Village Displays Missing and Murdered Indigenous Women Exhibit


    Red dresses on display in the community building of Village Apartments. Red dresses are commonly used to memorialize murdered and missing Indigenous women. They are generally hung from a tree. PN Photo/Mahala Treish

    By: Mahala Treish, Photo Editor

    To inform students about advocating against the end of violence on Native women, Village Apartments is holding an exhibit about Missing and Murdered Indigenous Women. Since November was Native American Heritage Month, Housing and Residence Life wanted to highlight this topic to their residents and community on campus.

    The exhibit opened on Nov. 21 and stayed on display until Nov. 30. It was located in the Village Apartments Community Building for students and other members of the community to view until 12 a.m. Students could check in by signing the paper at the front of the door with their Banner ID and Bravemail.

    On display at the exhibit were two computers that were playing videos and different posters and graphics all over the community computer room. They had an archway of red balloons that ended with dresses that symbolized native culture with white handprints on the middle of them greeted visitors as they walked through the door to the room.

    While walking through the computer room, visitors would see facts and stories about MMIW scattered on the walls around the room.
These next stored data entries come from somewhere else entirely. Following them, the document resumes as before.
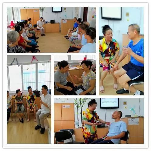 8月15日,梅清苑社区老年精神关爱主题馆内,一群来自不同行业、年龄相近、活力十足的叔叔阿姨们齐聚一堂,参加”让生命呵护生命“义工培训,开始享受一场“灵魂的盛宴”。陈老师播放了一段感人至深的关于空巢老人的视频,引发了志愿者们的共鸣。陈老师顺势让大家一起分组模拟服务场景,两个志愿者一组,一个扮演老人一个扮演志愿者,叔叔阿姨们有的笑场不断,有的表示没遇到过这样的情况,手足无措,有的紧张地老喝水,最后大家纷纷表示要多学习才能更好地服务老人。老师适时地开始引导,并教授了大家许多新的知识,在欢快愉悦的课程中大家收获满满,最后,在志愿者们的彼此拥抱中,互相为对方戴上了象征义工的手环,勾手约定,生命呵护生命,让爱传出去。
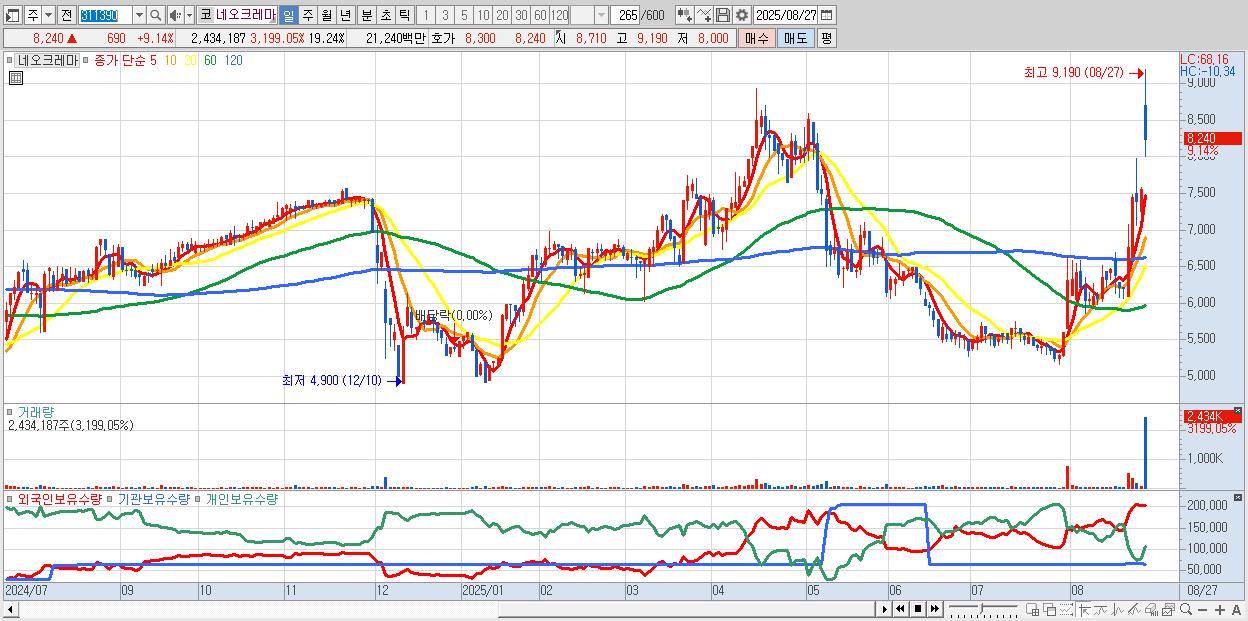 - 네오크레마 (8,240원 ▲ 9.14% , 시총: 1,043억, 거래량: 2,434,187, 거래대금:212억)
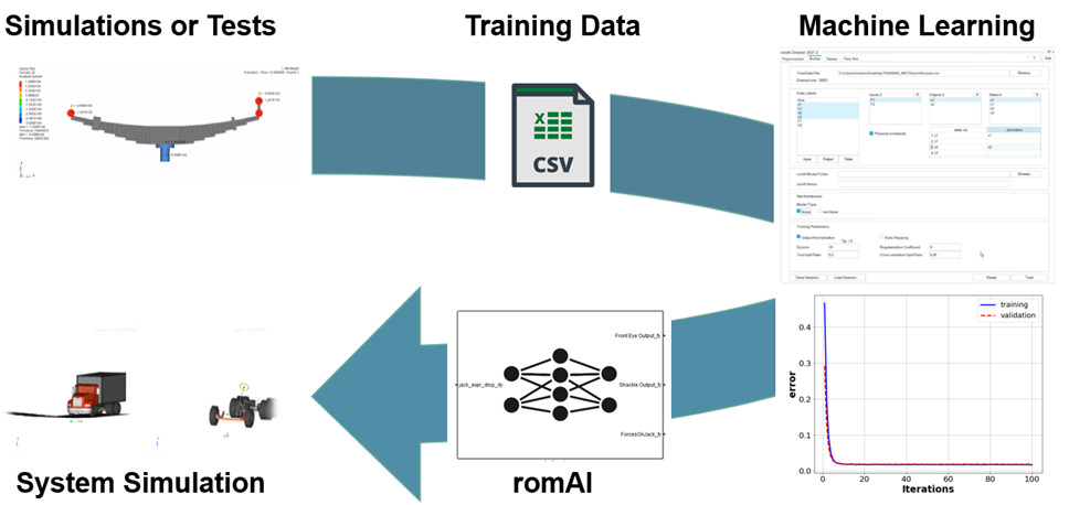 Bir yaprak yay süspansiyonun indirgenmiş modelini (romAI tabanlı) oluşturmayla ilgili adımlar aşağıdaki resimde gösterilmektedir.
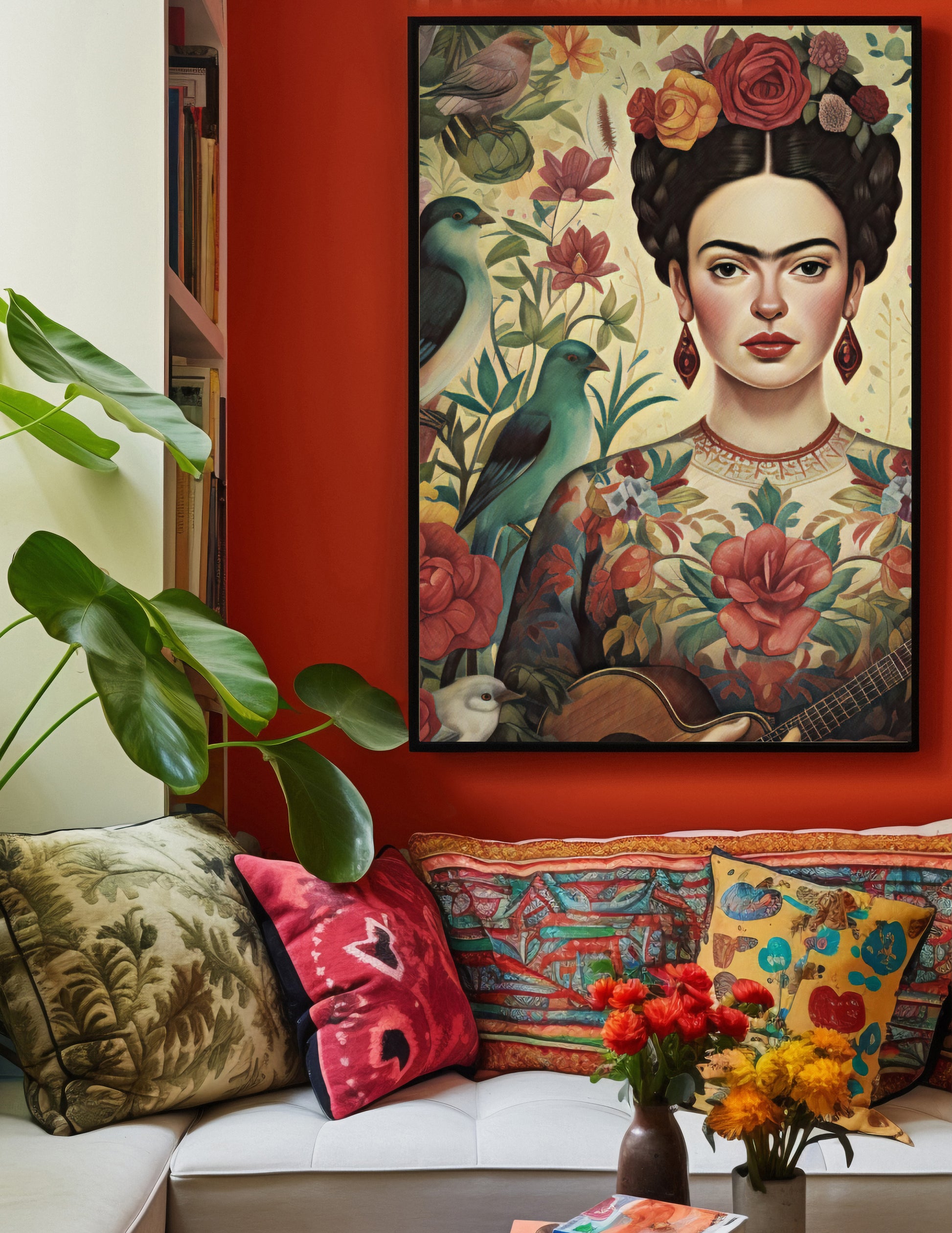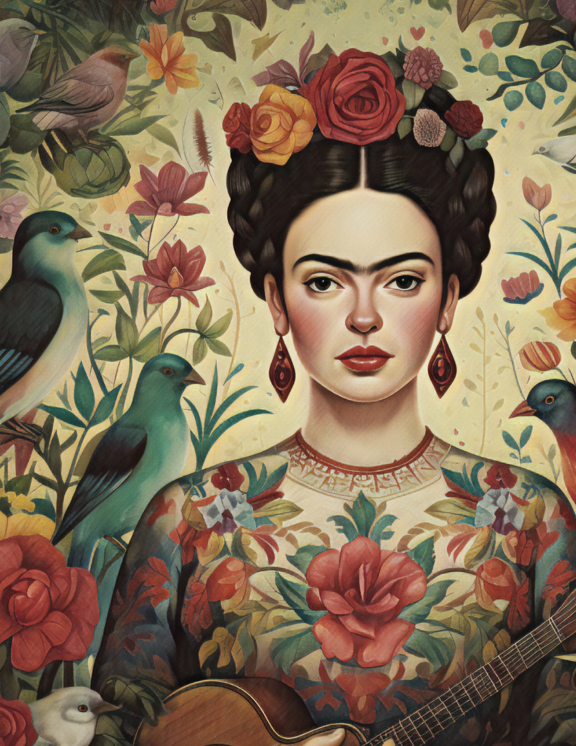 Rich Bohemian art piece of Frida Kahlo in floral garden with birds.
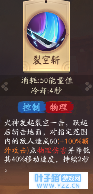 【裂空斩】是犬神常用的输出、消耗手段,低耗能、冷却时间短,附带减速击中目标后可以很好的发挥【心剑】被动快速砍出三刀,此时能量以恢复30点(忽略自然恢复)。且技能的物理加成极高,技能动作快,附带一小段位移,伤害和控制效果是范围性。
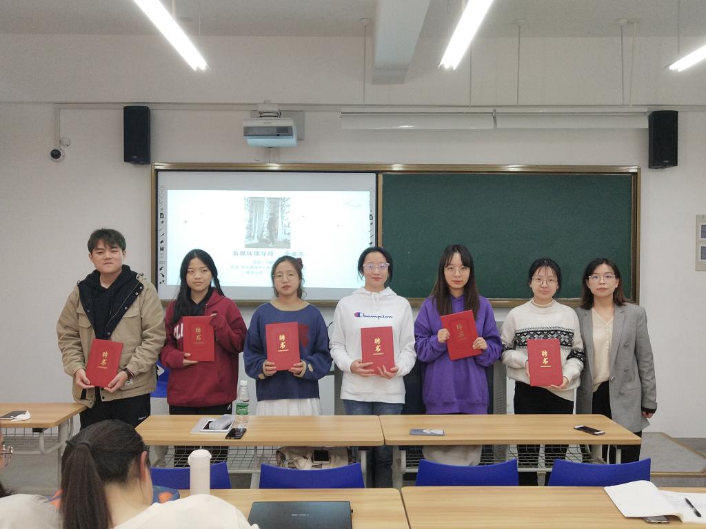 本学年,新闻中心特聘校全媒体记者团的白若彬、黄暖,视觉传达中心的黄国秦、袁敏君以及新媒体社的王炜佳、季秦亦等同学为各部门进行指导。
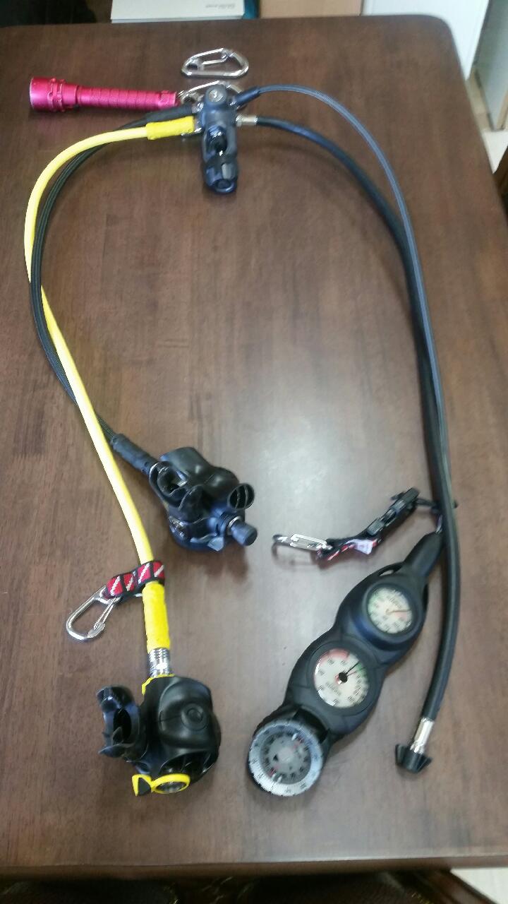 다른 장비들이 모두 다이버의 안전과 직결되는 것들이지만, 특히나 레귤레이터는 말이 필요업지요. 우리나라는 비교적 항상 찬물에서 다이빙을 해야하기 때문에 여유가 되는 회원들에게는 아펙스 제품을 권합니다. 이번에 아주 좋은 가격에 나와서 고민없이 구입해줬네요. 게이지는 순토 3구로 묶어 줬습니다.
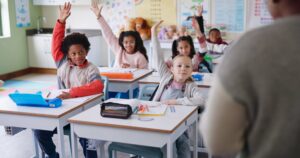 children-classroom-and-hands-raised-at-school-for-2024-08-13-00-22-14-utc
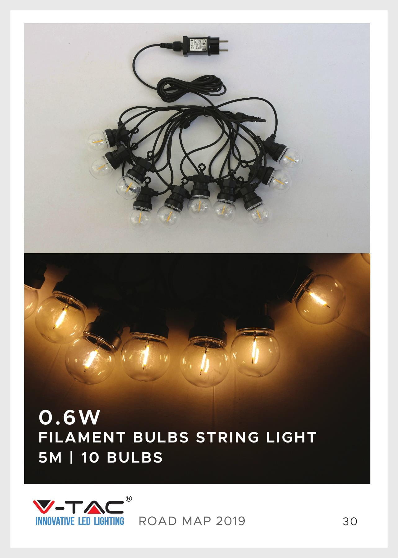 Girlanda Ogrodowa Solarna LED V-TAC 5 metrów 10 żarówek Filament VT-71010 3000K 100lm
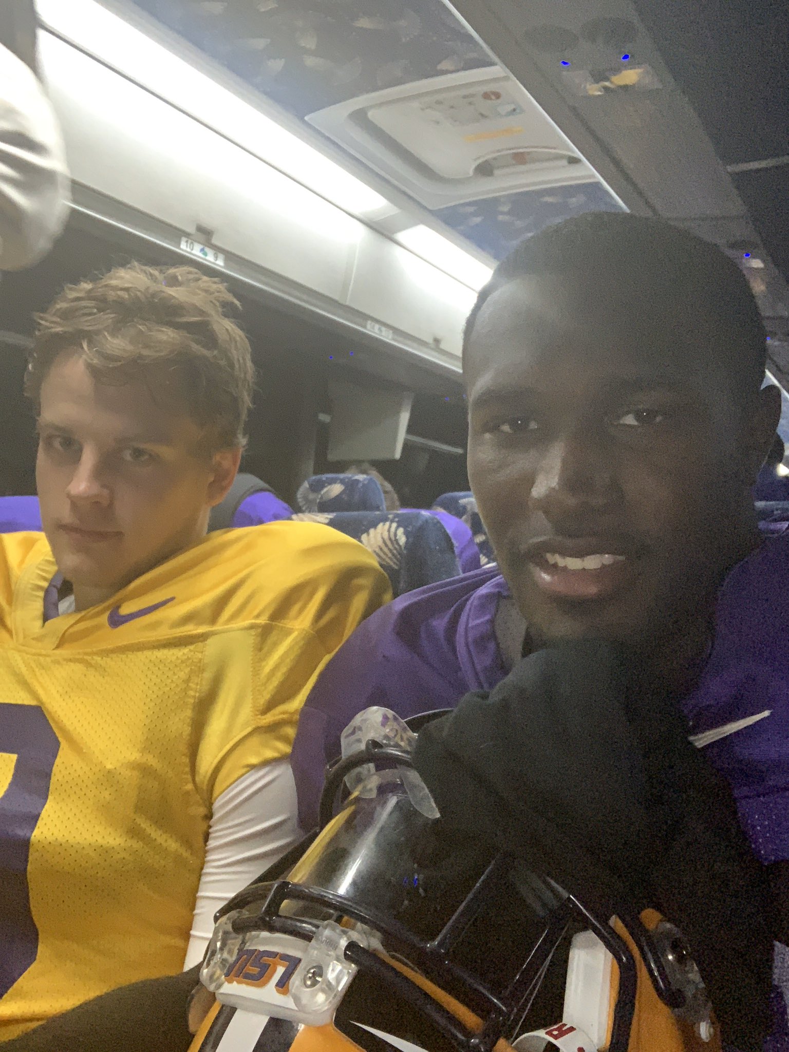 Does anyone have the photo of Burrow and Devin White sitting together on a bus in their practice jerseys?
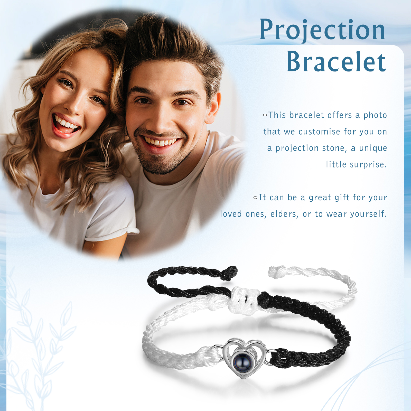 Braccialetto in nylon con Proiezione 1 foto personalizzabile cuore regalo per padre nonno marito
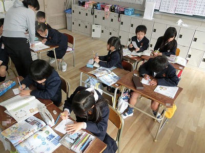 後半では、今年お世話になった人やお友だちに年賀状を書くことになり、先生から配られた画用紙に、「あけまして おめでとうございます」「今年もよろしくおねがいします」「2017年1月1日」などを書きこみ、来年の干支の「とり」や「富士山」「かがみ餅」などのイラストも描いていました。
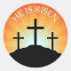 Etiquetas de Páscoa decorativas ou selos de invólucro com três cruzes como silhuetas contra fundo solar. Texto "Ele está levantado".

Most of the posters showed missing native women around the Lumberton area with descriptions of what they look like and what they were wearing when they were last seen.

    On the wall were graphics used to distribute information and statistics about MMIW. One of the graphics stated that “5,712” is the known number of incidents that involve missing and murdered Native American and Alaskan Native women of 2016 sourced from National Institute of Justice and Urban Indian Health Institute.

    Another one of the graphics was an illustration of a white woman with a sign that says “SHE IS MISSING” with microphones and reporters all around her. In the background we see a native woman with the same sign getting no attention from anyone. This illustration symbolizes the way the media treats Indigenous women versus white women when asking for help about their loved ones who are missing and murdered.

    Luci Hunt, community director of University Village Apartments, helped with her Resident Advisors to create this exhibit.

    “This exhibit is only happening in Village Apartments and we picked the topic because it’s not a very well known topic around the country,” Hunt said.

    There were tons of red throughout the exhibit from red dresses hanging from the wall to the red balloons as you entered the room.

    “In Native American culture red is the only color that can be visible in this world and in the spirit world,” Hunt said.

    Zachary Jacobs, senior, president of Native American Student Organization feels the exhibit will help people gain more knowledge on this topic.

    “This exhibit will bring more awareness to people who are not from a predominantly native community and to this 500 year epidemic,” Jacobs said.